Different metabolomic patterns might have a major impact on the development of novel diagnostic methods for the early diagnosis and prognosis of septic shock [35]. The heterogeneity between DEGs and the specific signaling pathways prompted us to select one gene to be used as a prognostic marker of the outcome. In this study, prognostic cutoff concentrations for predicting the outcome were selected using a ROC curve analysis.
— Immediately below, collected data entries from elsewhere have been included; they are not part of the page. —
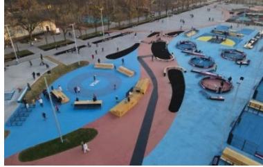
Рисунок 3 – Формування громадського простору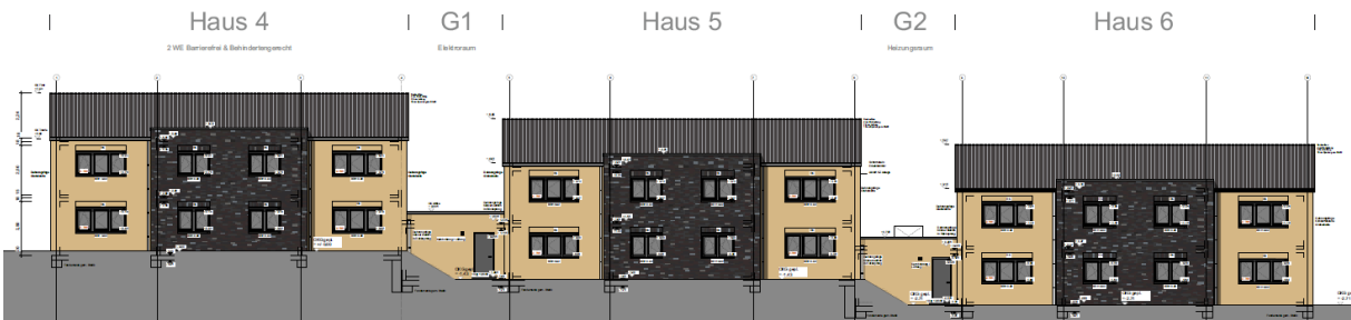
Neubau Hüttenstraße 2. BA - Vorderseite

Die nachfolgenden Bilder zeigen die Planentwürfe für die Häuser 4 bis 6: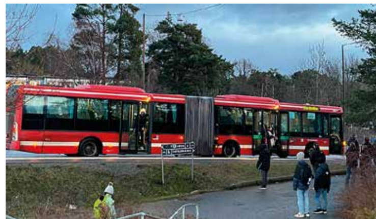
Bussar som står vid vägkanten är en vanlig syn alla dagar numera.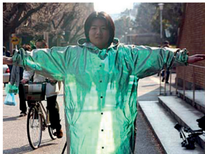
Slika 1. Suzumu Taki, Nevidljivi ogrtač ( Invisibility Cloak , 2003)

Svi savremeni projekti „nosive tehnologije“ koji su bili predmet moje analize, imaju potencijal da generišu fodbek između tela i ostalih subjekata, između prirodnog okruženja i tehnoloških sistema. Utopijsko obrazloženje za razvoj ovog „fodbek odgovora“ predstavlja konceptualizovanje tela kao segmenta kojim upravlja jedinstven tehnološki red koji kontroliše celokupnost živih bića i prirodnog univerzuma uopšte, kao i veštačke materije – artefakte ljudske ruke, ali i najvažnijeg označavanja informatičkog doba: podatak. Utopijska ideja tehnološkog ekosistema jeste da napredna kibernetika povrati „prirodni“ red ili balans. Ova ideja jedinstvenog tehnološkog reda sugerise da tehnologija prosto nije dovoljno odmakla i da je disfunkcionalnost sadašnjosti uzrokovana neharmoničnim odnosom između prirode i tehnologije (kao veštačke tvorevine). Zamišljeno tehnološko rešenje predstavlja stvaranje harmonije zamagljivanjem granica između tela i tehnologije, ekosistema i kibernetičkog sistema, društva i online mreže.

The potential limitations of our study should be considered. The datasets we used were obtained from a public database. This dataset only included data about septic shock from pneumopathies. All results were obtained using bioinformatics. Future studies are currently being designed for examining the exact roles of MME and THBS1 in the renin-angiotensin system and PI3K/Akt signaling pathways in septic shock from pneumopathies. Further experiments are needed to verify the results of this study and expand the generalizability to septic shock from other sources.

Conclusion

In summary, the upregulation of MME and its role in the renin-angiotensin system pathway and the downregulation of THBS1 and its role in the PI3K–Akt signaling pathway might have important implications for the early diagnosis and prognosis of septic shock from pneumopathies. This study suggests that the molecular typing of septic shock could reveal diagnostic, prognostic, and therapeutic biomarkers for patients with septic shock, allowing early diagnosis and management. Still, the biomarkers need to be refined, and prognosis models need to be built.